The new $100K ceiling...

The new $100K ceiling...

It’s now the unspoken rule of A lenders, including monolines, charge brokers: BFS clients declaring income north of $100K are quite simply persona non-grata.  

“I think it started to change about a year ago and now I venture to say that 90 per cent of brokers understand that regardless of what lenders say on paper, once the client breaks the $100,000 mark, they will be turned down for Triple-A rates ,” says Darin Bauer, an agent with Mortgage Intelligence. “That’s regardless of their down payment and credit history and whether their business is incorporated and the income makes sense.

“I wish the lenders would just come clean and put that in their guidelines rather than have us waste time.”

The palpable frustration is more and more common among brokers specializing in Alt-A deals but also the increasing number now turning to the alternative space as the stream of A deals slows.

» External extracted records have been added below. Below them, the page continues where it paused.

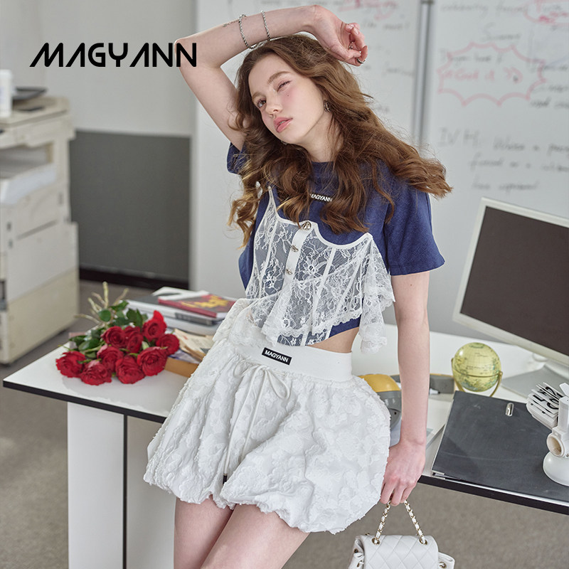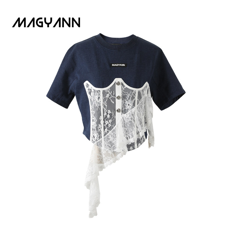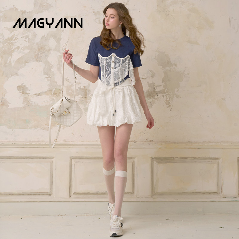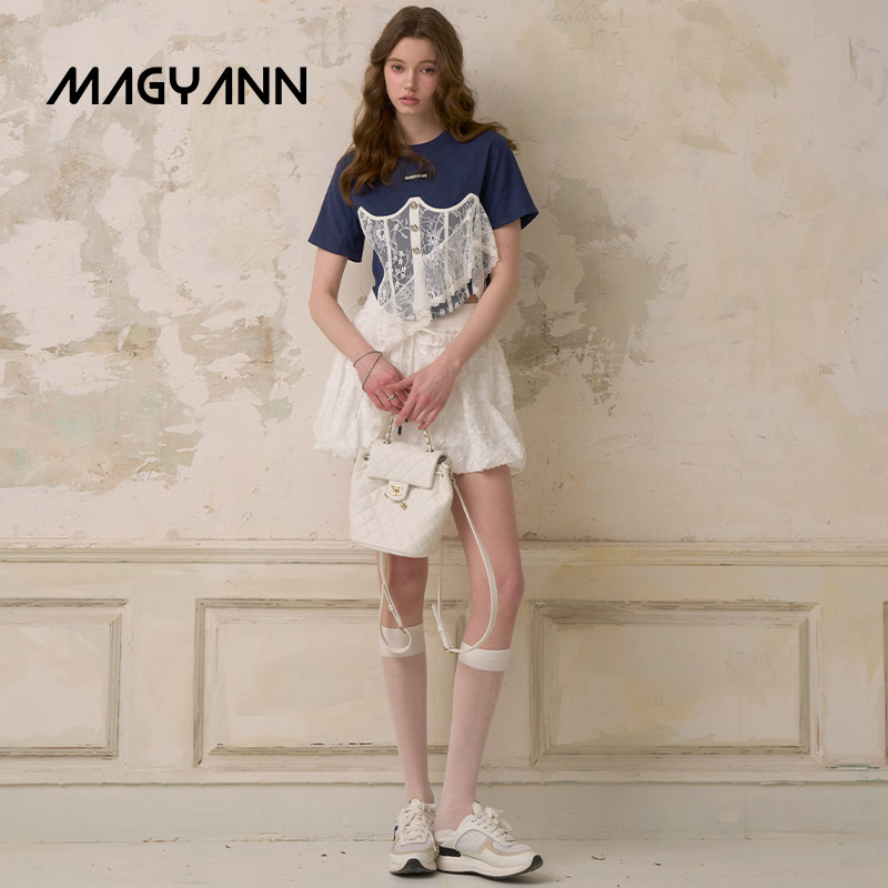 【翻糖花园】Magyann设计师原创2026夏少女蕾丝胸衣拼接T恤短款女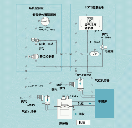 在这个项目中,基于理研计器株式会社的光波干涉式浓度指示调节器,我们成功的开发出新的系统,称为TGCS[ted废气浓度控制系统],可以自动检测废气内含有的溶剂浓度并且自动控制闸门,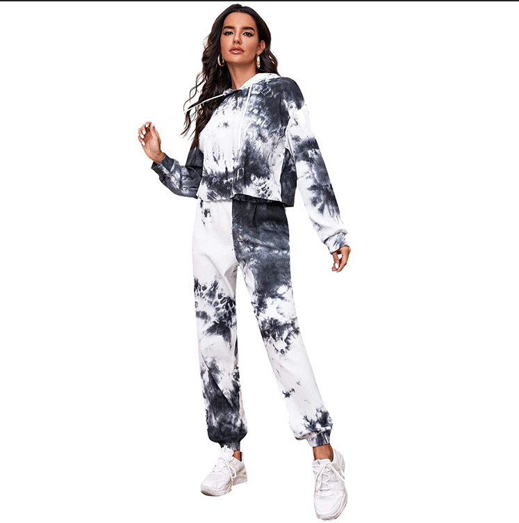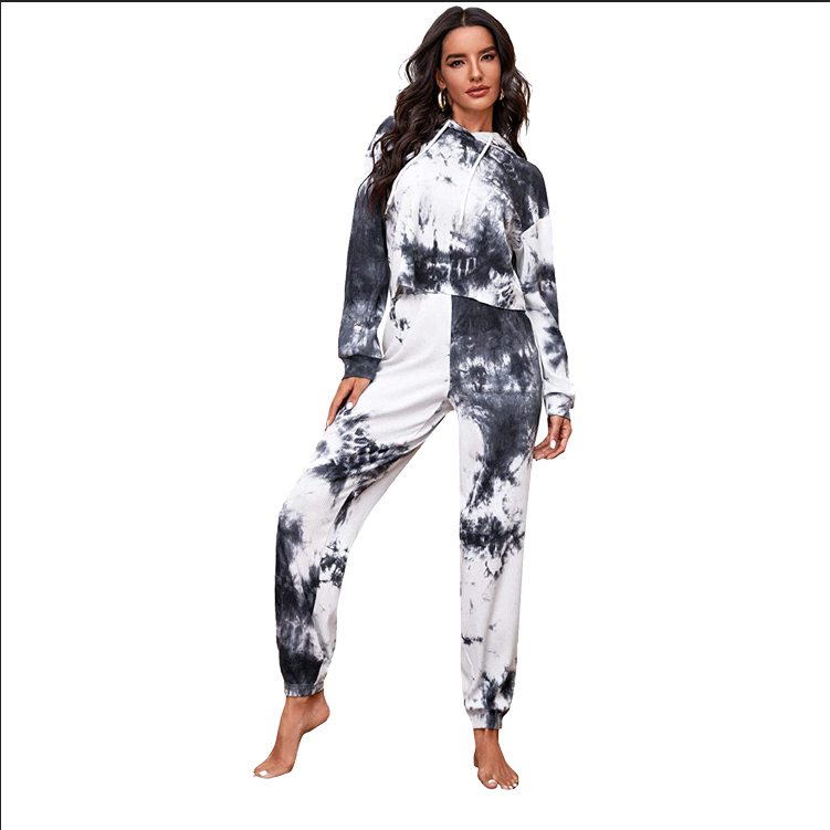 Bonne prise femmes pyjama ensemble maison porter survêtement léger polaire confort toucher pur coton cravate teinture sweat survêtement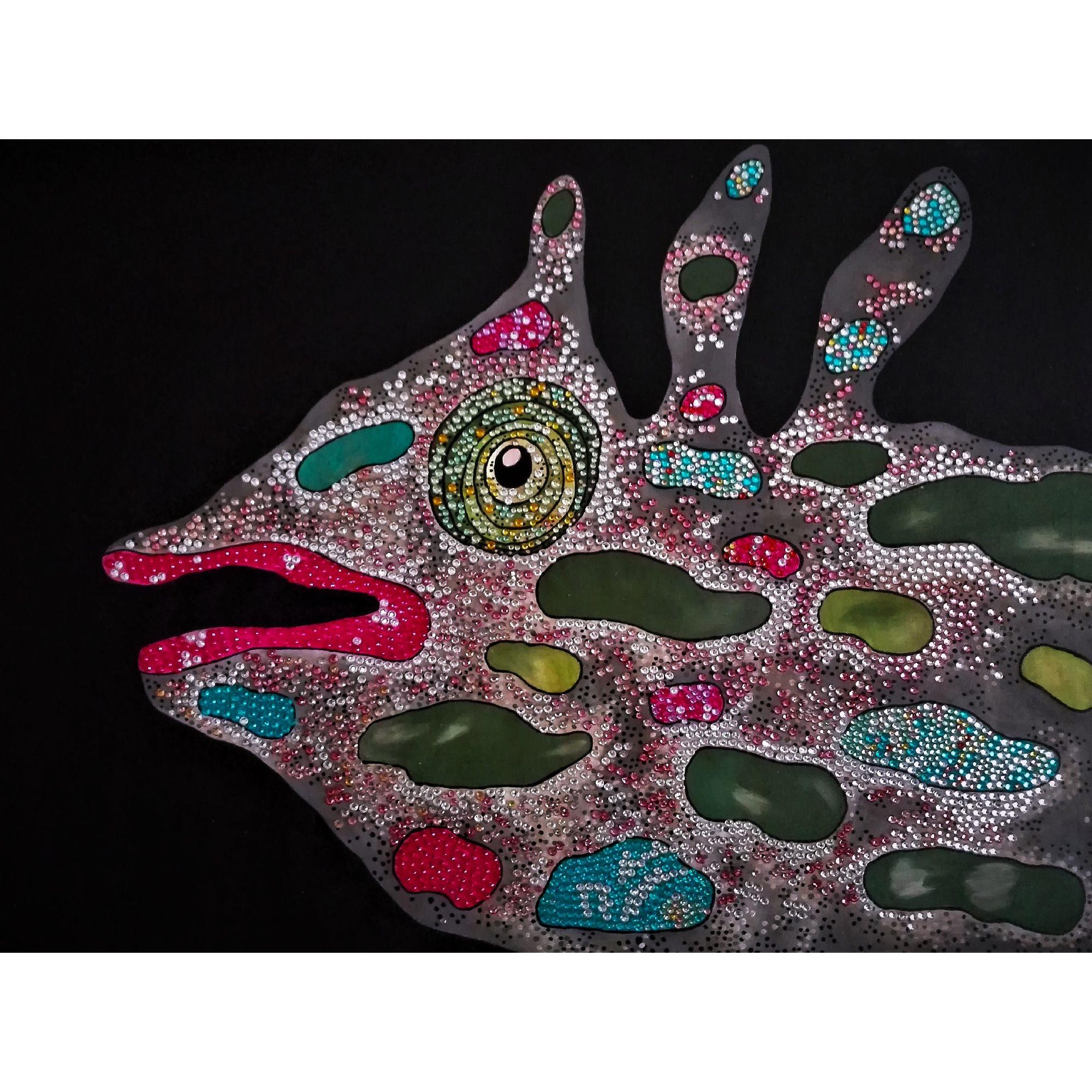 Questo quadro tra i miei camaleonti è singolare perche la tela non ha imprimitura o meglio, la tela ha una preparazione di fondo molto leggera che fa sì che la campitura nera abbia un effetto vellutato .i cristalli swarovski hanno colori sgargianti per contrastare la morbidezza dei colori del dipinto che si intravedono .

They point to a growing gap between the declared underwriting guidelines for BFS deals and those actually in use by various lenders. The discrepancy comes at the cost of broker efficiencies but also the time loss for clients and mortgage professionals.

Bauer points to a recent example where a client with a down payment of 50 per cent and stellar credit was turned down more than once by lenders with established and much-touted BFS programs.

The scenario is more commonplace given the tighter underwriting guidelines banks are now operating under, still brokers remain concerned that their advertising is out of step with their practices.

That isn’t likely to change anytime soon, says one industry veteran  suggesting alternative lenders will ultimately benefit for the stricter unwritten policies of A players.

15 Comments
  • kac 2013-07-03 10:54:39 AM
    problem is the Alternate lenders in most cases don't want to go above 65% ltv and a premium on rate and fees unless there is a cookie cutter deal on a property that is in a suburban sub division.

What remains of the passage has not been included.